News & Resources

Patterns And Practices

Migrating Geospatial Applications to Cloud

Authors: Jay Iyer, with Alpha Omega Cloud Centers of Excellence

MIGRATING GEOSPATIAL APPLICATIONS TO CLOUD

July 8, 2024

1. Introduction

NOAA’s mission is to be the Nation’s authoritative environmental intelligence agency by accurately predicting the climate and environmental events that can potentially exact a toll on the economy, human life, and ecosystems. Our support within NOAA has contributed to its mission through delivery of new capabilities and expanding current services in a highly cost-effective manner.

The NOAA Environmental Visualization Lab (VizLab) creates satellite data visualizations for a variety of applications and customers – Science on a Sphere, Data in the Classroom, NESDIS website and other commercial customers. Alpha Omega has been entrusted with leading the migration of the Geospatial visualization infrastructure, currently spanning across four data centers, into the AWS cloud. This migration emphasizes the adoption of modern, cloud-native technologies with a strong focus on reliability, scalability, and security. Key drivers include implementing effective costing controls while managing a substantial quantum of data (approximately 60 TB and increasing), frequent data ingestion (almost every minute), demanding processing and dissemination timelines, and a diverse end-user customer profile.

This article summarizes lessons learned, best practices and proven architectural considerations we have utilized in the migration of ArcGIS-based GIS services to the AWS Cloud. The challenges posed by the scale, real-time data requirements, and user diversity underscore the complexity of such endeavor making it among the unique migrations our Cloud Center of Excellence (COE) has supported till date.

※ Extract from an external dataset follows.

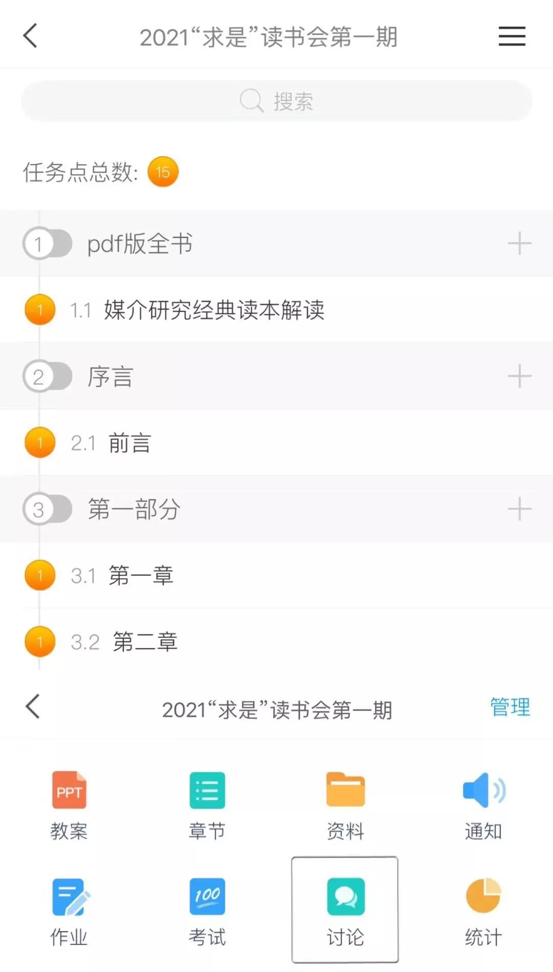 1.在学习通课程中阅读各期领读人所推荐的书目,每周在课程讨论里进行至少五次读书进度打卡。

2.  ArcGIS Migration Strategy Components

The Cloud offers a rich set of technologies and tools that may be leveraged to enhance ArcGIS implementations. Reliability, Redundancy, High availability, Cost Efficiency, Elasticity, and the ability to pivot to new technologies such as serverless services are some of the benefits of moving to a Cloud based ArcGIS implementation. As technology continues to evolve, the value proposition offered by Cloud technologies is only going to increase in the future. 

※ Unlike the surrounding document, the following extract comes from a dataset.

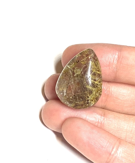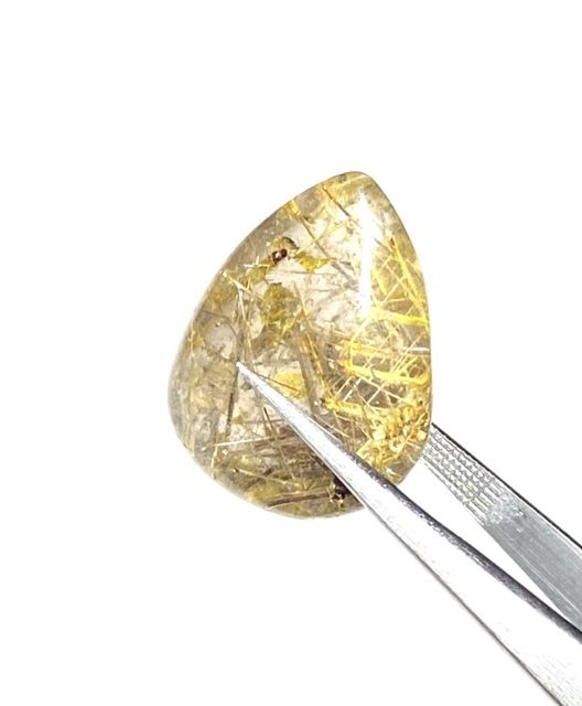 This Golden Rutile Quartz crystal showcases natural golden needle-like inclusions suspended within clear quartz. The delicate rutile strands catch the light, creating a subtle interplay of shimmer and depth that resembles sunlight filtering through. This handcrafted teardrop shape crystal retains its natural structure and internal formations, giving it a dynamic and visually captivating appearance. The combination of transparent quartz and metallic golden inclusions makes this piece unique. It features variations in density, length, and orientation of the rutile needles. These crystals are ideal for collectors, display, or as inspiration for jewellery design. Their striking internal patterns and polished clarity highlight the natural beauty and complexity of this prized mineral specimen.

As with any technology, adoption of Cloud based implementation of ArcGIS presents unique challenges such as integration with on-premises systems that need to be identified and addressed early in the migration cycle. Key factors to consider are data migration strategies, data storage options and costs, smooth cutover from on-premises hosted ArcGIS sites to ones that are hosted in the Cloud.

Following are the common and repeatable strategy components  for the migration of Geospatial applications to the Cloud derived from NOAA and other federal experience combined with our Cloud COE knowledgebase:

  1. Evaluate Cloud Readiness: Assess the current ArcGIS application’s architecture, dependencies, and performance requirements to determine its suitability for migration to AWS. Consider factors like scalability, latency, and data residency requirements.
  2. Cloud Architecture Design: Design a cloud-native architecture that leverages AWS services such as EC2, S3, RDS, and ECS/EKS for compute, storage, databases, and container orchestration respectively. Utilize managed services like Amazon Aurora for databases to reduce operational overhead.
  3. Data Migration Strategy: Develop a comprehensive strategy for migrating ArcGIS data (spatial datasets, maps, layers) to AWS. Consider tools like AWS DataSync, AWS Snowball, or direct database replication methods depending on data volume and transfer speeds.
  4. Performance Optimization: Optimize ArcGIS application performance on AWS by leveraging Auto Scaling groups, Elastic Load Balancing (ELB), and caching mechanisms (e.g., Amazon ElastiCache) to handle varying workloads and improve response times.
  5. Security and Compliance: Implement AWS security best practices including IAM roles, VPC configurations, encryption (at rest and in transit), and compliance with relevant standards (e.g., FISMA, HIPAA) if applicable to ensure data protection and regulatory compliance.
  6. Automated Deployments: Utilize AWS CloudFormation or AWS CDK (Cloud Development Kit) for infrastructure as code (IaC) to automate the provisioning and deployment of ArcGIS application components. This ensures consistency and repeatability across environments.
  7. Monitoring and Alerting: Set up comprehensive monitoring using AWS CloudWatch to track application performance, resource utilization, and operational metrics. Configure alerts to proactively respond to issues and maintain high availability.
  8. Cost Optimization: Implement cost management strategies such as reserved instances, spot instances, and leveraging AWS Cost Explorer to monitor and optimize expenses associated with compute, storage, and data transfer.
  9. Disaster Recovery and Backup: Design and implement a robust disaster recovery (DR) plan leveraging AWS services like AWS Backup, S3 cross-region replication, and multi-AZ deployments for high availability and data durability.
  10. Training and Documentation: Provide training to the team on AWS services and best practices specific to ArcGIS applications in the cloud. Maintain detailed documentation of the migration process, architecture diagrams, and operational procedures for future reference and knowledge sharing.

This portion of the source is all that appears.